For limited partners, this is becoming a common trend. Limited partners want to receive returns on a promissory note style with the Class A tier. While some investors enjoy the returns structured in Class B tiers. Investors can also participate in both tiers as well.
- Class A: Class A investors sit behind the debt in the capital stack (order of the total
capital invested in a project).
- This tier is limited to a certain percentage of the total equity.
- Class A investors have virtually no upside upon disposition or another capital event.
- This tier is for investors who prefer stronger cashflow and minimal risk.
- Class B: Class B investors sit behind Class A investors in the capital stack.
- Class B may include a preferred return which accrue over the life of the deal.

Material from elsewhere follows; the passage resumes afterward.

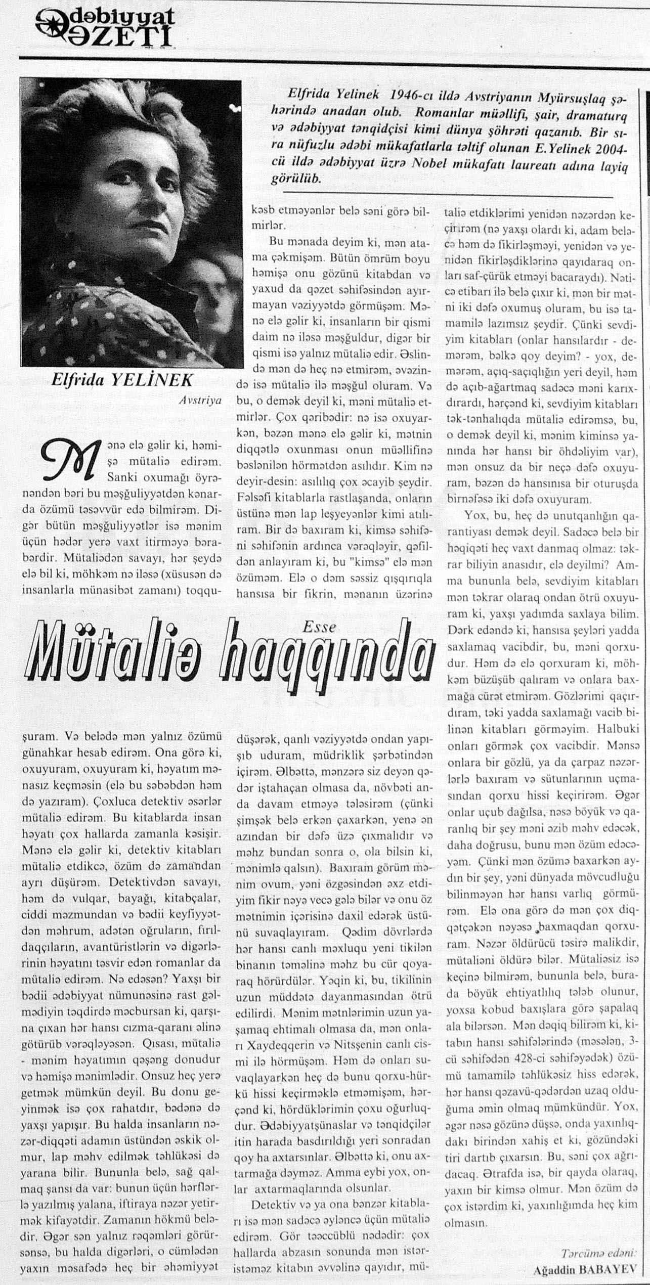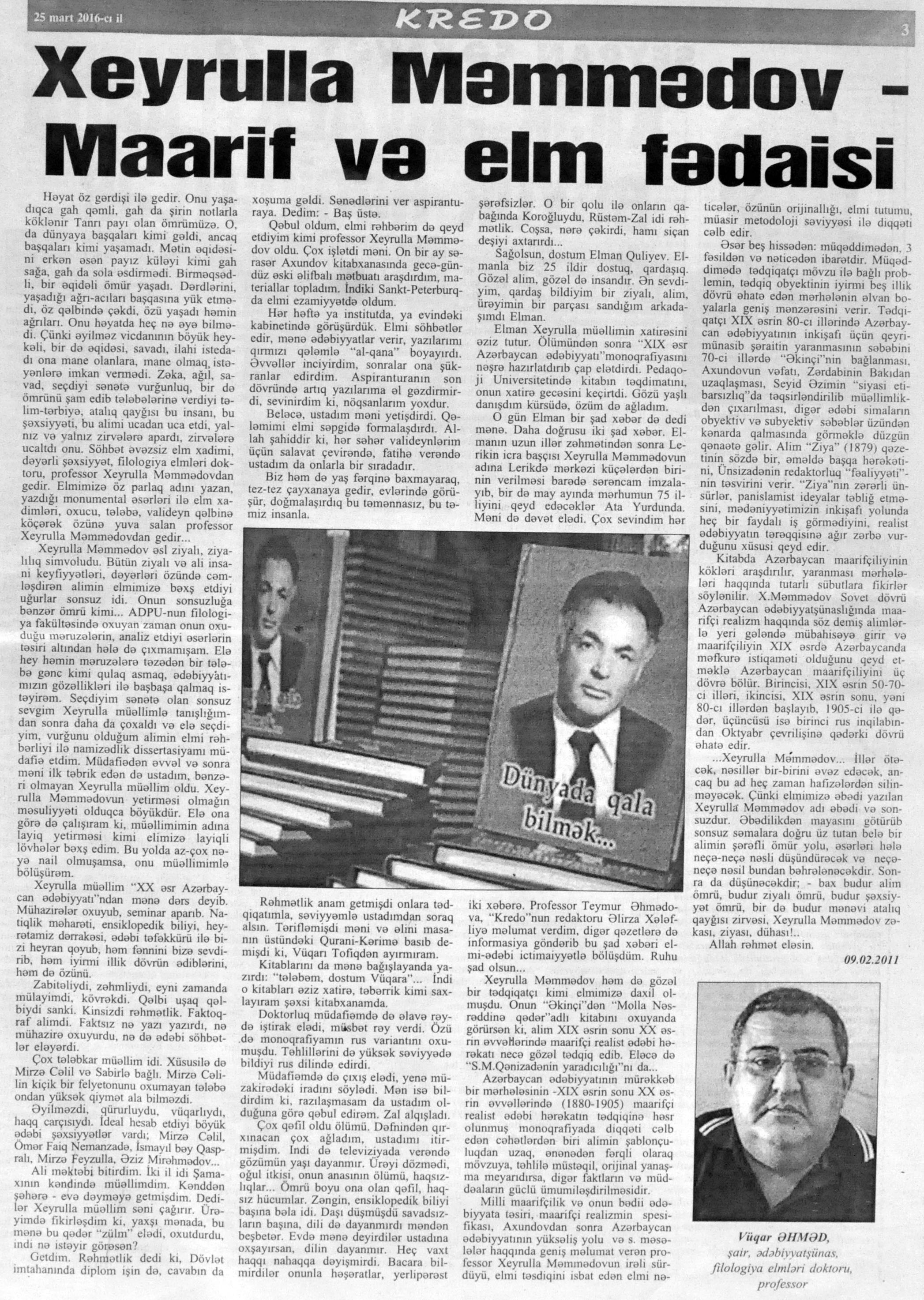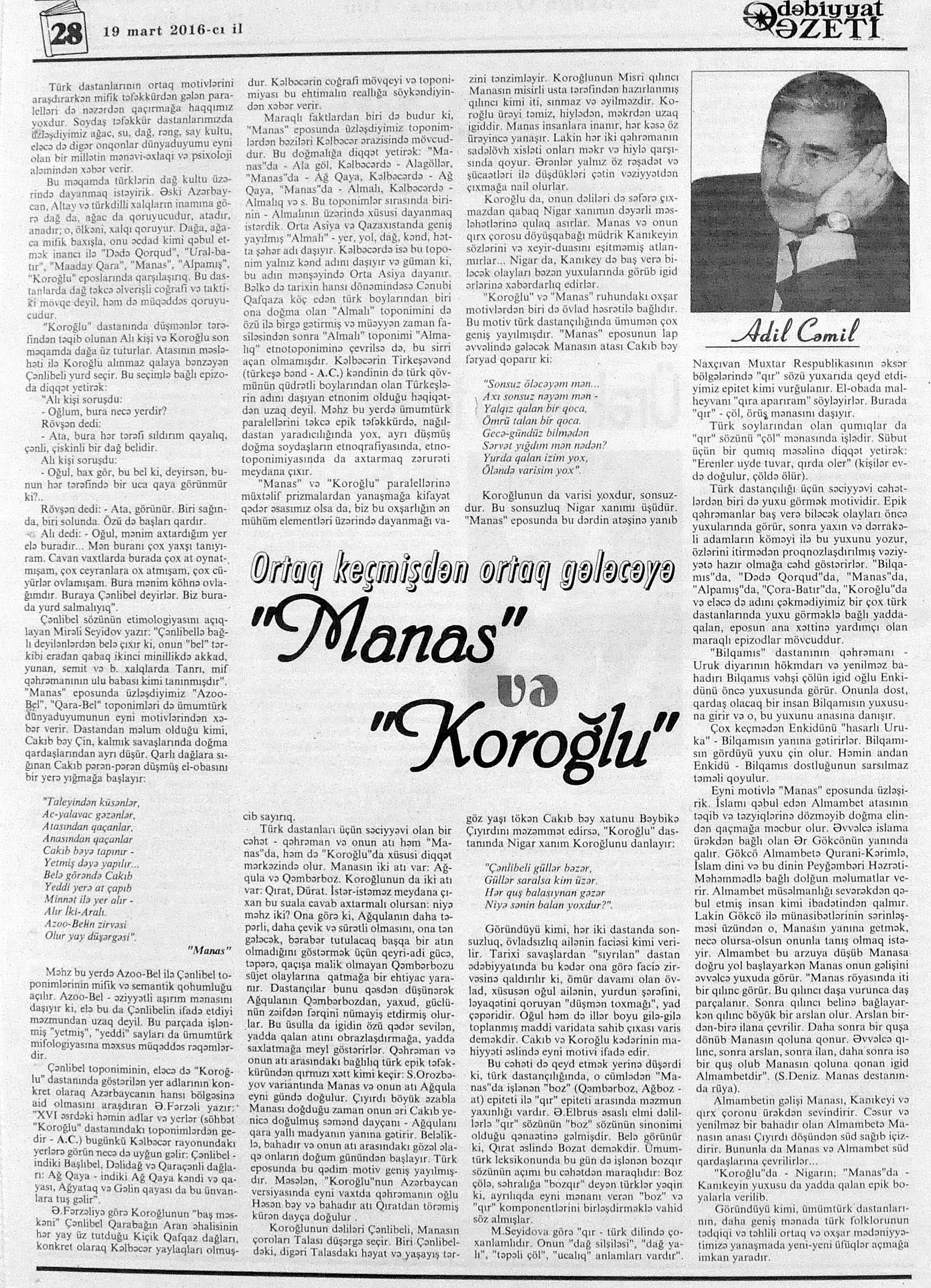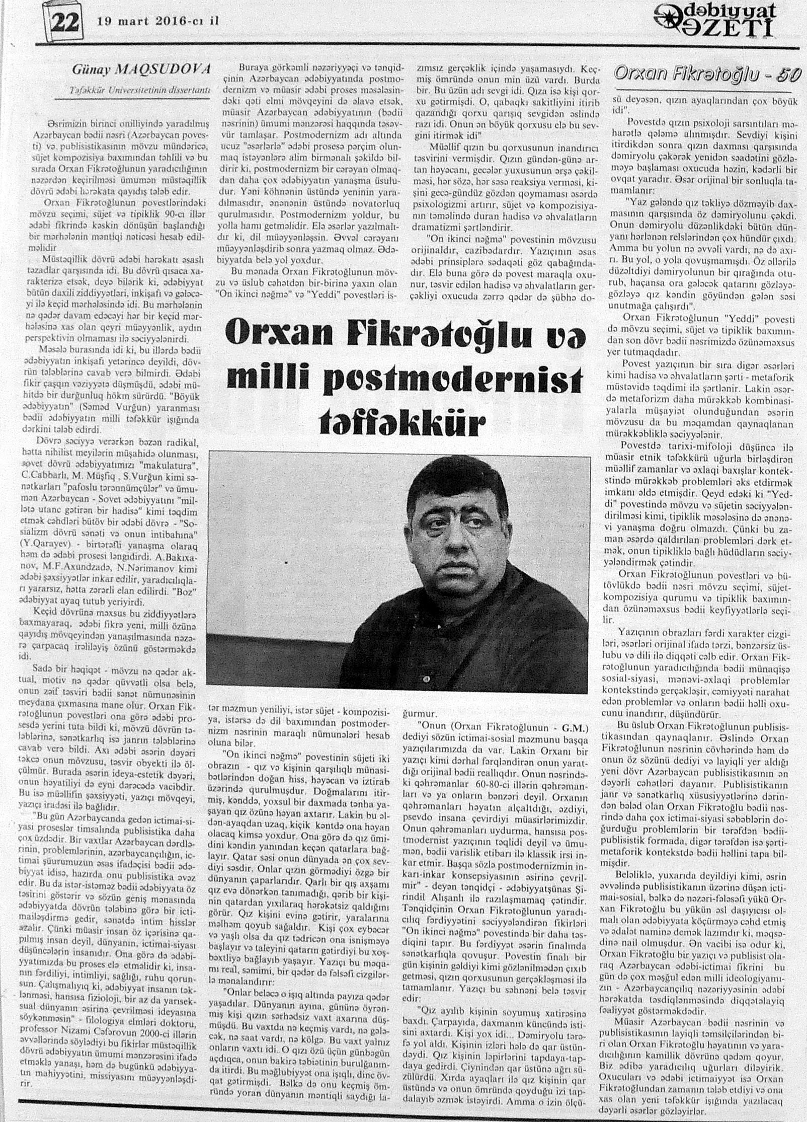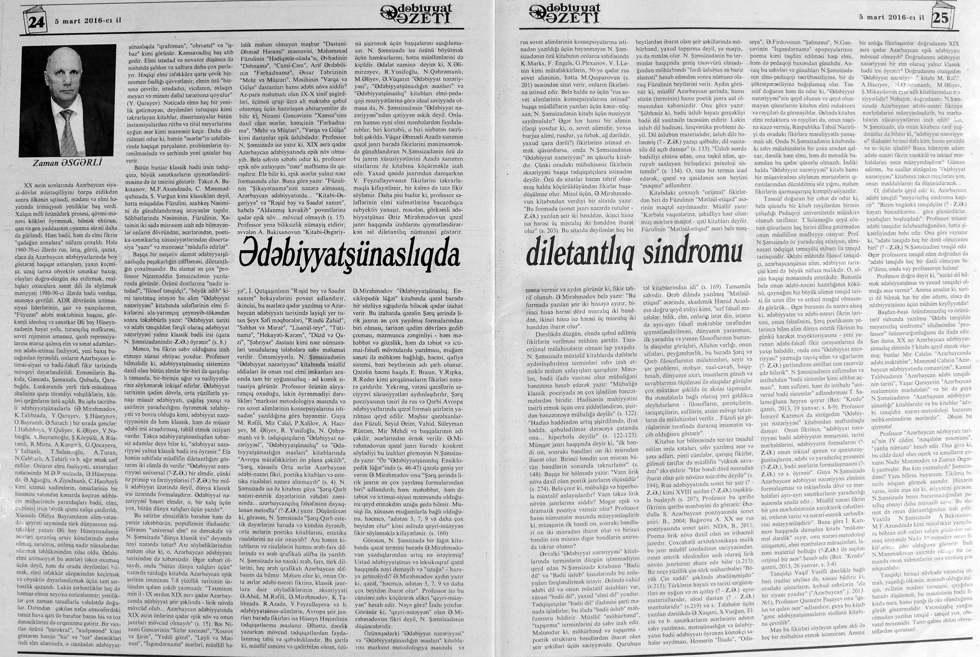 603. Azər, L. XXI Amur və Psixeya: Esse-roman: I hissə: Ayıboğanın əhvalatı //Ədəbiyyat qəzeti.- 2016.- 12 mart.- S.10-11. 604. İdrisoğlu, A. Allahqulunun əbədiyaşar əsəri: (Portret cizgiləri-esse) //Azad Azərbaycan.- 2016.- 11 mart.- S. 7. 605. Rəhimov, Ə. Qəribə adlar //Ədalət.- 2016.-11 mart.- S.4. 606. Vitaqliano, M. Borxeslə on min pıçıltı //Ədəbiyyat qəzeti.- 2016.- 5 mart.- S.22-23. 607. Yelinek, E. Mütaliə haqqında: [Avstriya ədəbiyyatından tərcümə]/tərc.etdi Ağaddin Babayev //Ədəbiyyat qəzeti.- 2016.- 12 mart.- S.9.

- Cashflow from operations remaining after paying out Class A will be distributed to Class B investors.
- This tier is for investors who want to maximize their returns over the life of the investment.
- Class B investors participate in the upside upon disposition or capital events.
- Class A require higher minimum investments starting at $100,000.
- Class B minimum investments start at $50,000.
- Investors can break up their $100,000 investment
into both Class A and Class B tiers.
- Example: $25,000 into Class A and $75,000 into Class B or vice versa so long as the total investment in the deal is $100,000.